Die Wahrheit in der Dichtung
Eines Tages erschien bei uns eine unbekannte Dame und erwirkte von der vom SD gestellten Bewachung, dass sie uns Lebensmittel zustecken durfte. Einmal wagte sie sich sogar in die Wachbaracke des Lagers Lichterfelde und gab ein Paket für mich persönlich ab.
Und das alles, obwohl ich ihr eindringlich sagte, dass das verboten sei und sie selber in größter Gefahr stehe.
Amtliche Aussage des ehemaligen KZ-Häftlings H. B.32
32 ABBAW 1.
Als Liselotte Welskopf-Henrich das Gebäude betritt, begrüßt der Pförtner, ein älterer Mann, sie mit einem mitleidigen Blick. Sie nimmt auf einer Bank ohne Lehne Platz. Neben ihr sitzt ein altes jüdisches Ehepaar. Von dem Korridor gehen mehrere Zimmer ab, die hinter verschlossenen Türen verborgen sind. Man lässt die Frau warten, will sie zermürben. Die Angst vor dem Ungewissen soll ihre Konzentration schwächen. Welskopf-Henrich ist sich dessen bewusst und spricht energisch einen vorübergehenden Mann an, dessen Uniform silberne Sterne und Balken auf den Schulterstücken zieren. Sie fordert, endlich vorgelassen zu werden. Sie verweist auf ihre amtliche Tätigkeit und erklärt, dass sie nicht unbegrenzt Zeit habe. Ihre Taktik ist wohlüberlegt.

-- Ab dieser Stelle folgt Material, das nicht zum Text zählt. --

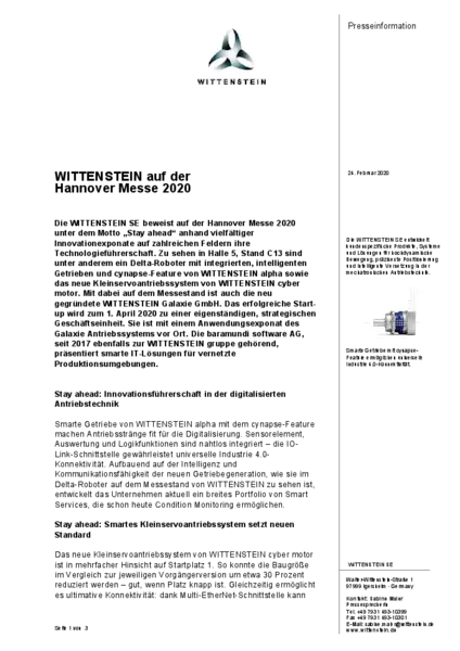 WITTENSTEIN at Hannover Messe 2020

Es ist der 11. August des Jahres 1944, und Welskopf-Henrich ist in die Französische Straße in Berlin zum Verhör durch die Gestapo bestellt worden. Sie weiß: Es geht heute um nicht weniger als ihr Leben. Sie ist sich darüber im Klaren, dass es in jedem Fall verwirkt wäre, wenn der Geheimdienst hinreichende Beweise für auch nur eine ihrer zahlreichen illegalen Aktionen besäße. So setzt sie auf die Flucht nach vorn. Und tatsächlich: drei Minuten später wird sie in ein Hinterzimmer gerufen, wo ein kleiner Beamter hinter einem Schreibtisch auf sie wartet. Kaum dass sie sich, ohne dazu aufgefordert worden zu sein, auf den »Besuchsstuhl« neben dem Schreibtisch setzt, fährt der Beamte wütend hoch und beschuldigt sie, ein Verhältnis mit einem Juden zu haben. Er schreit und beschimpft sie und ereifert sich über seine eigenen Vorwürfe, aber Welskopf-Henrich ist erleichtert: Ihre »kommunistischen Verbindungen« sind der Gestapo offensichtlich entgangen. Das Verhältnis mit einem Juden streitet sie ab, überhaupt habe sie keine Verhältnisse. Sie gibt sich den Anschein großen Selbstbewusstseins, so, als habe sie nichts zu befürchten, nutzt ihre rhetorische Überlegenheit, um den Verhörenden zu narren. Sie lässt ihn in dem Glauben, sie überlisten zu können und ihr, ohne dass sie es bemerken würde, ein Geständnis entlocken zu können, während sie in Wirklichkeit ihm entlockt, was genau er über sie weiß und was nicht. Zwei Stunden später hat sie die Gewissheit, dass die Informationen ihres Gegenübers nur sehr vage sind, und sie durchschaut sämtliche seiner Manöver. Aus dem Nebenzimmer hört sie das Gebrüll eines Verhörs, das einen ganz anderen Verlauf als ihr eigenes nimmt.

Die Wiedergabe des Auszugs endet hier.